Visa Regression: Department of State Tries to Turn Back the Clock on Central American Juvenile Refugees, but Just Turns its Back
The United States Department of State last month issued their May 2016 Visa Bulletin indicating that the yearly EB4 visa limits have been reached for applicants from Honduras, Guatemala, and El Salvador. The EB4 visa allows certain immigrants including “Special Immigrant Juveniles,” who are unaccompanied minor who have been designated by a family court to be dependents or wards of the state as a result of parental abandonment or abuse. As a result of the “visa retrogression,” applicants from Central American countries who sought to obtain legal status through the filing of a self-petition (Form I-360) after January 1, 2010 will no longer be able to obtain a visa or adjustment of status until new visas become available. The six-year regression for the acceptance of these applications is a response to the record number of minors who have entered the country after fleeing violence in their Central American home countries, most of whom will be seriously negatively affected by this change.
Special Immigrant Juveniles trying to obtain legal residency in the United States must first have a visa available to them in order to file for their green card. The exhaustion of available visas for these children means that they cannot file for their permanent residency until new visa numbers become available – which may be several years from now.

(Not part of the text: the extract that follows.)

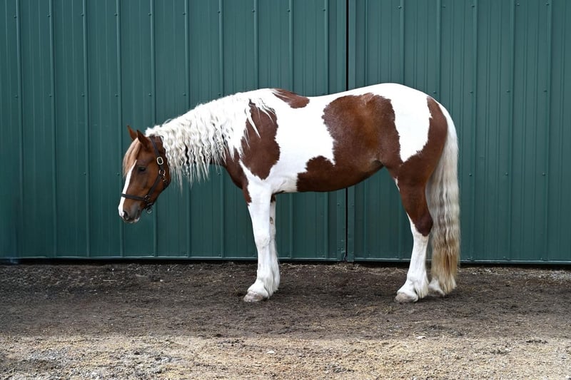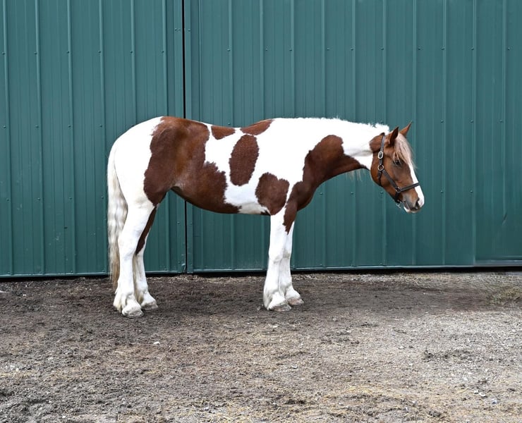 Aurora, yegua de 4 años, de 15,2 hh, mezcla de Paint y Gypsy Cob.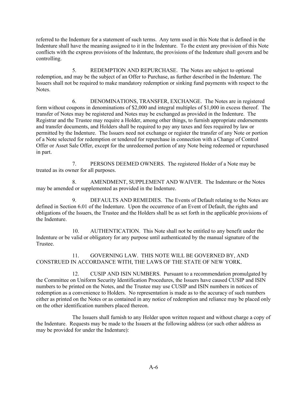A-6 referred to the Indenture for a statement of such terms. Any term used in this Note that is defined in the Indenture shall have the meaning assigned to it in the Indenture. To the extent any provision of this Note conflicts with the express provisions of the Indenture, the provisions of the Indenture shall govern and be controlling. 5. REDEMPTION AND REPURCHASE. The Notes are subject to optional redemption, and may be the subject of an Offer to Purchase, as further described in the Indenture. The Issuers shall not be required to make mandatory redemption or sinking fund payments with respect to the Notes. 6. DENOMINATIONS, TRANSFER, EXCHANGE. The Notes are in registered form without coupons in denominations of $2,000 and integral multiples of $1,000 in excess thereof. The transfer of Notes may be registered and Notes may be exchanged as provided in the Indenture. The Registrar and the Trustee may require a Holder, among other things, to furnish appropriate endorsements and transfer documents, and Holders shall be required to pay any taxes and fees required by law or permitted by the Indenture. The Issuers need not exchange or register the transfer of any Note or portion of a Note selected for redemption or tendered for repurchase in connection with a Change of Control Offer or Asset Sale Offer, except for the unredeemed portion of any Note being redeemed or repurchased in part. 7. PERSONS DEEMED OWNERS. The registered Holder of a Note may be treated as its owner for all purposes. 8. AMENDMENT, SUPPLEMENT AND WAIVER. The Indenture or the Notes may be amended or supplemented as provided in the Indenture. 9. DEFAULTS AND REMEDIES. The Events of Default relating to the Notes are defined in Section 6.01 of the Indenture. Upon the occurrence of an Event of Default, the rights and obligations of the Issuers, the Trustee and the Holders shall be as set forth in the applicable provisions of the Indenture. 10. AUTHENTICATION. This Note shall not be entitled to any benefit under the Indenture or be valid or obligatory for any purpose until authenticated by the manual signature of the Trustee. 11. GOVERNING LAW. THIS NOTE WILL BE GOVERNED BY, AND CONSTRUED IN ACCORDANCE WITH, THE LAWS OF THE STATE OF NEW YORK. 12. CUSIP AND ISIN NUMBERS. Pursuant to a recommendation promulgated by the Committee on Uniform Security Identification Procedures, the Issuers have caused CUSIP and ISIN numbers to be printed on the Notes, and the Trustee may use CUSIP and ISIN numbers in notices of redemption as a convenience to Holders. No representation is made as to the accuracy of such numbers either as printed on the Notes or as contained in any notice of redemption and reliance may be placed only on the other identification numbers placed thereon. The Issuers shall furnish to any Holder upon written request and without charge a copy of the Indenture. Requests may be made to the Issuers at the following address (or such other address as may be provided for under the Indenture):

The regression of this new cutoff date for applications creates a host of problems for these immigrants. For those already facing deportation, the granting of a visa or the acceptance of an I-485 are grounds to stop deportation. The absence of an available visa will significantly decrease the chance of stopping deportation, even though in many cases they already applied years ago. Moreover, Special Immigrant Juvenile status applicants cannot apply for employment authorization until they have filed their application for permanent residency.
Prospective petitioners are urged to continue filing I-360 forms for Special Immigrant Juvenile status as there is no limit to how many of these may be approved. Filing the I-360 as early as possible will put the applicant on the waitlist for their green card by establishing the “priority date” which must be met before visas can be distributed whenever they become available. Properly filing the I-360 will also protect against aging out of eligibility for Special Immigrant Juvenile status while waiting for other applications to proceed.
The wave of Central American refugees, many of them minors, is in response to record levels of violence in the Honduras, Guatemala, Ecuador and El Salvador. Gangs, organized crime, and drug cartels have all contributed to an endemic climate of conflict in the region. For example, El Salvador’s murder rate in 2011 was ten times higher than the global average.
In no uncertain terms, this log-jam is a direct result of the Obama Administration’s discriminatory prioritization of people for deportation based exclusively on nationality. Instead of treating unaccompanied minors fleeing violence as the humanitarian crisis that it is, the Administration has treated it like a political crisis that it is not. Children who would otherwise have time to obtain permanent residency are forced into a byzantine system that will now deny them the opportunity to obtain status in the U.S. merely due to a waitlist. In order to handle the surge of undocumented immigrants crossing the border, the Obama Administration put their cases into a process of expedited proceedings that was meant to hasten their return to the violence from which they fled. This in turn led to an immediate and excess demand of EB4 visas that far exceeded their allotted supply. The court proceedings themselves have been expedited (many cases are being completed in weeks, as opposed to years for people of a different national origin). It is a special kind of irony that these immigrants have been put into expedited proceedings only to be left waiting indefinitely for a visa, and with one less fighting of resisting deportation charges.
The Department of State and Congress could remedy this problem by making more EB4 visas available. Nearly six years, which is how far back the deadline was moved when the new date was announced to be 2010, is a long time to wait for anybody. But it is even longer for vulnerable minors waiting to hear what their fate will be. This is not to mention that many will never make it to a time when their applications for permanent residency could even be accepted as they will be even more likely to be deported without the prospect of a pending visa to protect them. The Administration could also help alleviate this problem by redefining their guidance on expedited proceedings to allow removal proceeding delays and continuances for those who are yet to have their cases adjudicated. But alas, this is an election year, and so unfortunately, the most vulnerable – legitimate refugees and asylum seeking children – will fall victim to politics.